* What you need to do
Return each line exactly as written. Begin with the first line of the entries and end with the line that has "Intuitiv zu bedienendes Touchpanel".

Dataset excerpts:
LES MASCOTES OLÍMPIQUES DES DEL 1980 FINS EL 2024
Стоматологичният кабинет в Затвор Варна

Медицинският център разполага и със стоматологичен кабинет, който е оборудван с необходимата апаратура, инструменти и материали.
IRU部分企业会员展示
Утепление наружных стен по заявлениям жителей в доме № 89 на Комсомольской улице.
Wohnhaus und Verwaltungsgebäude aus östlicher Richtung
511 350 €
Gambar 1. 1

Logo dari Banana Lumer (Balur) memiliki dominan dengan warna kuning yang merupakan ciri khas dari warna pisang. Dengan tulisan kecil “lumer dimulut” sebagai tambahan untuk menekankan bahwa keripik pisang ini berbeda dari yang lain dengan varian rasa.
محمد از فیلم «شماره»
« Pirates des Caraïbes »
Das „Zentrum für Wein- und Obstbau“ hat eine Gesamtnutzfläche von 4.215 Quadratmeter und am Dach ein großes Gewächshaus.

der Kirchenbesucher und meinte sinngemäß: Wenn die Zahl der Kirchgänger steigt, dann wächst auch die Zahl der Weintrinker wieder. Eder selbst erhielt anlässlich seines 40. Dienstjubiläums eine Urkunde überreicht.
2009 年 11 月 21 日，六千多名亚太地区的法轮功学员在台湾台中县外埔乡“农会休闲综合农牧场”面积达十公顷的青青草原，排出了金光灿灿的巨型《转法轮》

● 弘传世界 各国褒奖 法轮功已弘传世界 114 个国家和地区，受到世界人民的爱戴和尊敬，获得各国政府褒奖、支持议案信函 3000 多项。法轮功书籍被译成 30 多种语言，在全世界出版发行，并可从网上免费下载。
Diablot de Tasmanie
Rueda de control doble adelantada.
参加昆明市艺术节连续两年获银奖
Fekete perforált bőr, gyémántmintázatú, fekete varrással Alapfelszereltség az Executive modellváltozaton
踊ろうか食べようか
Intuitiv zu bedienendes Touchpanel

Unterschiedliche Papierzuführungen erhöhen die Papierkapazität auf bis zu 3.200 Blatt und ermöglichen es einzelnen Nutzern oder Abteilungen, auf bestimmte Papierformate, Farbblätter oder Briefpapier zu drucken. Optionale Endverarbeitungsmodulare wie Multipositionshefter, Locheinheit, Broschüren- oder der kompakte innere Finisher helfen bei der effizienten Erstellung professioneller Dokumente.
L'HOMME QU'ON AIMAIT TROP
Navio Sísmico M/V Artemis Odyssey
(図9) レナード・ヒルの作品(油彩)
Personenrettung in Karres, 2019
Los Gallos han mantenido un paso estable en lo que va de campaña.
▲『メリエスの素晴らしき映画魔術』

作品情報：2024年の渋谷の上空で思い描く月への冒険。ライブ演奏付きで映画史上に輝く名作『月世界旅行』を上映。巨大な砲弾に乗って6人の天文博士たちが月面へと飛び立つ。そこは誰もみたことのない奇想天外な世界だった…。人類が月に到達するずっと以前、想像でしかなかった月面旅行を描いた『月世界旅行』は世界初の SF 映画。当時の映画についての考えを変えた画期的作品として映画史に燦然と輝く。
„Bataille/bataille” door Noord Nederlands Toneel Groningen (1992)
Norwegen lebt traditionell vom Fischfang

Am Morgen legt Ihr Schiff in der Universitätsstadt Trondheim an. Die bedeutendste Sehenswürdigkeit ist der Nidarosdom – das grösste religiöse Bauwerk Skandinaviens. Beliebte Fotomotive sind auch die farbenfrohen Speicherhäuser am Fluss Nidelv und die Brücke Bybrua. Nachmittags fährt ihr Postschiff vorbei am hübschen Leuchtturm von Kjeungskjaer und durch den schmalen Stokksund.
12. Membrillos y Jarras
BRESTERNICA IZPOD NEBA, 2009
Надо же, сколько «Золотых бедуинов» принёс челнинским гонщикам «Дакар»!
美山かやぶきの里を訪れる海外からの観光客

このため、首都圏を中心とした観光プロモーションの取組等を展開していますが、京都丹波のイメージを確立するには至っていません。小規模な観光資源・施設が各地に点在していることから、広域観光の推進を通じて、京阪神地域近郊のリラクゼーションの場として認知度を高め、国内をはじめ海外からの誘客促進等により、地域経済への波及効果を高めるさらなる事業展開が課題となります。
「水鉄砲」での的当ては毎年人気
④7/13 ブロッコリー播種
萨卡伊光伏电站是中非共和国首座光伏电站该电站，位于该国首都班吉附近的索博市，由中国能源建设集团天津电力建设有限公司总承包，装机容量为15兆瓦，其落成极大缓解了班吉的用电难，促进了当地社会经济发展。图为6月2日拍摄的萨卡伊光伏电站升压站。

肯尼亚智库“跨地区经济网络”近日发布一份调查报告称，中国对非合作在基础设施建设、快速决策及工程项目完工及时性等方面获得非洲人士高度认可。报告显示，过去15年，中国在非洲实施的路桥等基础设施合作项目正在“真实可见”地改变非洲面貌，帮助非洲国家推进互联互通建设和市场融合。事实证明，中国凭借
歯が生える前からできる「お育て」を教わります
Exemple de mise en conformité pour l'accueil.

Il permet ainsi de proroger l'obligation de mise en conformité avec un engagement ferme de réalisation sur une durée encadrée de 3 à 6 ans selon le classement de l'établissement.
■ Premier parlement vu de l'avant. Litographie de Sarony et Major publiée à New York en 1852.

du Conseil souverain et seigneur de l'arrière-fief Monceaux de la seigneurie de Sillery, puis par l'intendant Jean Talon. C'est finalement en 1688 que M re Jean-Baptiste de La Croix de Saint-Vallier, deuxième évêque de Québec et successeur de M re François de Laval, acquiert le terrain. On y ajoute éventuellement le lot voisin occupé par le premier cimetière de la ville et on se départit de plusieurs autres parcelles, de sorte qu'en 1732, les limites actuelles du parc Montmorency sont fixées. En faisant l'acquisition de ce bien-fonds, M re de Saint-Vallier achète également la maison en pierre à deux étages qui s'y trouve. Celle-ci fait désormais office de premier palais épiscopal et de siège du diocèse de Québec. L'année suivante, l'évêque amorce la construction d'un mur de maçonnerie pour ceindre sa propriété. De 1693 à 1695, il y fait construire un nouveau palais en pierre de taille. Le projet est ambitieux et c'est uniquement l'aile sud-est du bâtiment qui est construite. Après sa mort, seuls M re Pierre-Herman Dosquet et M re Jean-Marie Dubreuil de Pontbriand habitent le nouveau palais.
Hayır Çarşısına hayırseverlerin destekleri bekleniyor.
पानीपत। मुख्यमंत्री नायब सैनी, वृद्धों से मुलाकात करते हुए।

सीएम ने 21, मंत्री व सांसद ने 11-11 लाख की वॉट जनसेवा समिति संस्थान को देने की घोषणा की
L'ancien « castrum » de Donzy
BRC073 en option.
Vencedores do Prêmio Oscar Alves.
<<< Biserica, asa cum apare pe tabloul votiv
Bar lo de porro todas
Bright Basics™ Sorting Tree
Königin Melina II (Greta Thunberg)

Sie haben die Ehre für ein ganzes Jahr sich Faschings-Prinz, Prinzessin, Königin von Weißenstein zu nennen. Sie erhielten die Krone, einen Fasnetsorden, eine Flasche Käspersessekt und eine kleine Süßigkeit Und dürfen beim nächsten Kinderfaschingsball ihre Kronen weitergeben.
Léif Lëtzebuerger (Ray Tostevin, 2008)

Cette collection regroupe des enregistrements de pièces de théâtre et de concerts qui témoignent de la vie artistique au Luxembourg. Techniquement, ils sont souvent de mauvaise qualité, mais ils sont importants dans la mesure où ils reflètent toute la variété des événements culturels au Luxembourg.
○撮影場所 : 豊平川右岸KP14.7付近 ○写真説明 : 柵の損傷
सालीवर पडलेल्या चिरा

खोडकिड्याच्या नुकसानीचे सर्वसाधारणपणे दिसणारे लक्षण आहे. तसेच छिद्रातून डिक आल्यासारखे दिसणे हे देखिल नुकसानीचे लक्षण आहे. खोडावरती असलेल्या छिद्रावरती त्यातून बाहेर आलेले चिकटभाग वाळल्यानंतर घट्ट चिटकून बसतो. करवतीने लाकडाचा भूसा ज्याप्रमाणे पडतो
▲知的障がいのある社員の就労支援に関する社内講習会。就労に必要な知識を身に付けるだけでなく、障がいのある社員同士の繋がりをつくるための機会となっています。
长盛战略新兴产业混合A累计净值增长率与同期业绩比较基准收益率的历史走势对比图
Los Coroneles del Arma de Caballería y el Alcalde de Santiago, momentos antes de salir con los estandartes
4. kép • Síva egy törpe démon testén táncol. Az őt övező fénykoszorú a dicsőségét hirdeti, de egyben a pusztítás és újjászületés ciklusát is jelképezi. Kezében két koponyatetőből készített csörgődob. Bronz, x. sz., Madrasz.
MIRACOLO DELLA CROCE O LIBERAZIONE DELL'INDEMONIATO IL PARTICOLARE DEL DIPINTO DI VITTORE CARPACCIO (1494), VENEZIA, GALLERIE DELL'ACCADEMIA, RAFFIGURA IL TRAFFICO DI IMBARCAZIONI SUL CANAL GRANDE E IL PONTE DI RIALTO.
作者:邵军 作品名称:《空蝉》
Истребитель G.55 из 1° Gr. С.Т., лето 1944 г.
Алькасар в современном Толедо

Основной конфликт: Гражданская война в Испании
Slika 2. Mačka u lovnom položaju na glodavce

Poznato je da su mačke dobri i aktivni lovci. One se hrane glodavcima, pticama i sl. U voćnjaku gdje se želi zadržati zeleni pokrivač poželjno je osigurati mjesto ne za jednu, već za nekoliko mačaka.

* Exercise output
LES MASCOTES OLÍMPIQUES DES DEL 1980 FINS EL 2024
Стоматологичният кабинет в Затвор Варна

Медицинският център разполага и със стоматологичен кабинет, който е оборудван с необходимата апаратура, инструменти и материали.
IRU部分企业会员展示
Утепление наружных стен по заявлениям жителей в доме № 89 на Комсомольской улице.
Wohnhaus und Verwaltungsgebäude aus östlicher Richtung
511 350 €
Gambar 1. 1

Logo dari Banana Lumer (Balur) memiliki dominan dengan warna kuning yang merupakan ciri khas dari warna pisang. Dengan tulisan kecil “lumer dimulut” sebagai tambahan untuk menekankan bahwa keripik pisang ini berbeda dari yang lain dengan varian rasa.
محمد از فیلم «شماره»
« Pirates des Caraïbes »
Das „Zentrum für Wein- und Obstbau“ hat eine Gesamtnutzfläche von 4.215 Quadratmeter und am Dach ein großes Gewächshaus.

der Kirchenbesucher und meinte sinngemäß: Wenn die Zahl der Kirchgänger steigt, dann wächst auch die Zahl der Weintrinker wieder. Eder selbst erhielt anlässlich seines 40. Dienstjubiläums eine Urkunde überreicht.
2009 年 11 月 21 日，六千多名亚太地区的法轮功学员在台湾台中县外埔乡“农会休闲综合农牧场”面积达十公顷的青青草原，排出了金光灿灿的巨型《转法轮》

● 弘传世界 各国褒奖 法轮功已弘传世界 114 个国家和地区，受到世界人民的爱戴和尊敬，获得各国政府褒奖、支持议案信函 3000 多项。法轮功书籍被译成 30 多种语言，在全世界出版发行，并可从网上免费下载。
Diablot de Tasmanie
Rueda de control doble adelantada.
参加昆明市艺术节连续两年获银奖
Fekete perforált bőr, gyémántmintázatú, fekete varrással Alapfelszereltség az Executive modellváltozaton
踊ろうか食べようか
Intuitiv zu bedienendes Touchpanel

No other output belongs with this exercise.